I don't understand "pictaram" so went directly to instagram and was able to view them fine. OP are those pics on your computer initially? Hit "go advanced" and you can click the paperclip icon and upload directly from your computer.

Your mare is definitely roan. As such she is still roan, I'm sure when she is done shedding out you will see at least a few white hairs. She will likely continue to change somewhat regularly.

As far as her color? I agree that she is seal brown (and pat on the back to the psychic me last page ;P) and as such would be brown or "purple" roan. (Or you could say "seal brown roan"). And even the colors people are throwing out on this page are confusing, which is why I always take "fake" color names (purple/blue) with a grain of salt.


----------



## Pipersmom (Apr 18, 2018)

*Roan changing color Again continued*

Thank you AtokaGhosthorse! I'm trying that now! The last photo shows her getting black on her shoulder and belly. She's shedding out her white hair!
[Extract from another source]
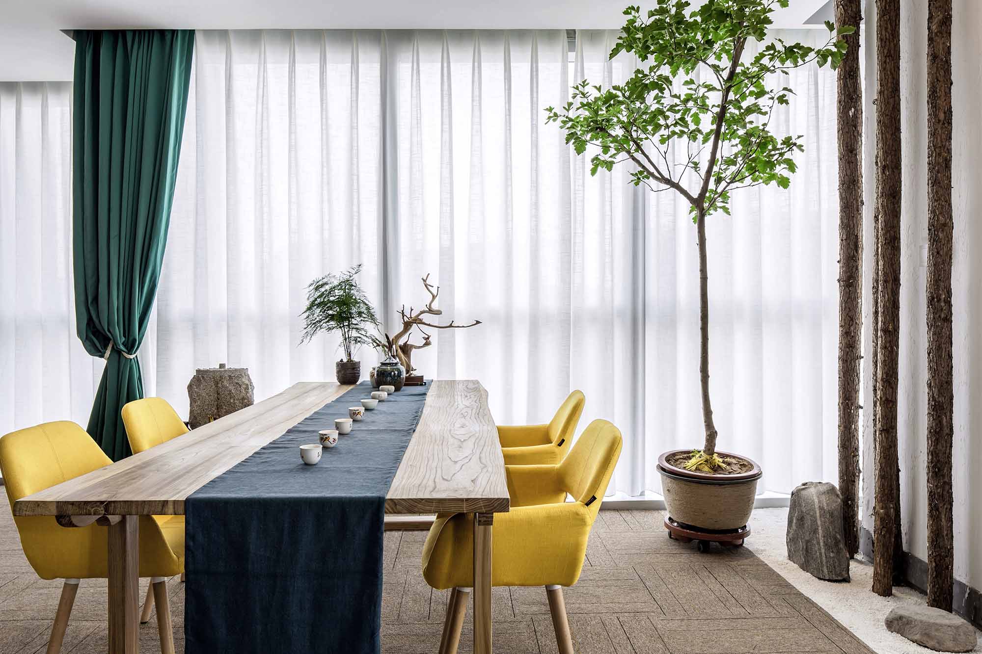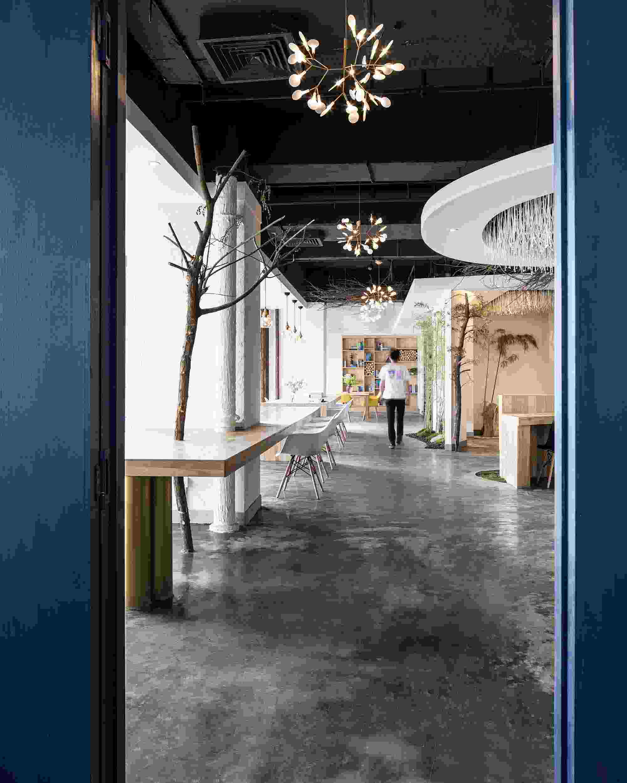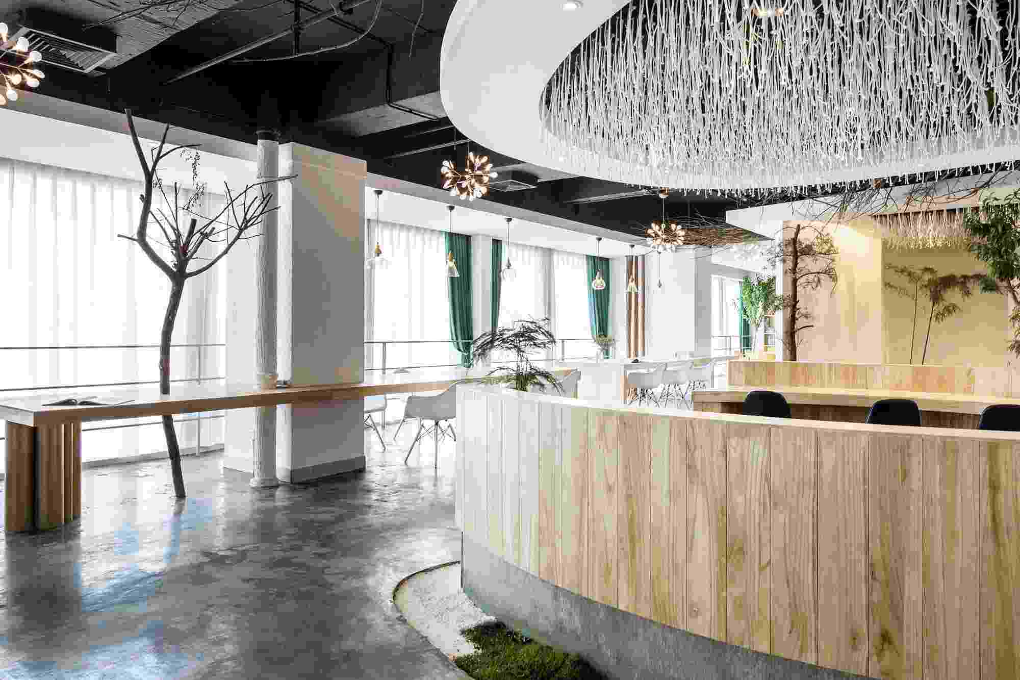 東方的美學(xué)向來是含蓄溫婉的,LOGO墻處的玻璃透景配合自然的竹石,隨著太陽的變化,光影也在不斷的變化,猶如人生。在材料的運(yùn)用上選用的都是一些環(huán)保低碳的天然材料,如樹枝、石竹、枯木、天然原木板,地面則是采用了水泥自流平的方式。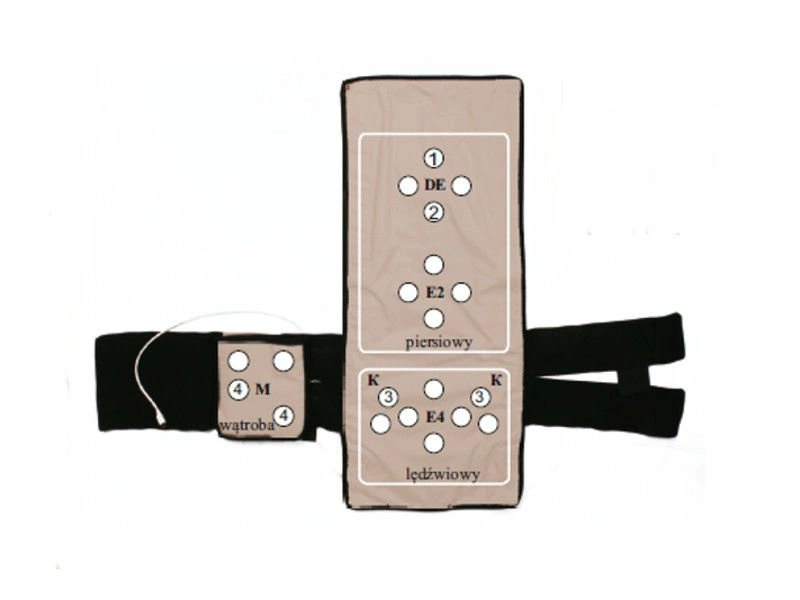 Materac OWZO posiada 20 przetworników. Po 4 przetworniki w pasie szyjnym, piersiowym i wątrobowym oraz 8 w pasie lędźwiowym.

Is this normal and what type of roan is she then? 

Thanks to all of you!!! Finally made it!


----------



## Pipersmom (Apr 18, 2018)

So I was finally able to post the photos, but now everyone seems to have left. I was wondering if someone can now tell me what type of roan they believe she is, and why she looks like her coat is shedding out its white hair to black? Thanks in advance!


----------



## QtrBel (May 31, 2012)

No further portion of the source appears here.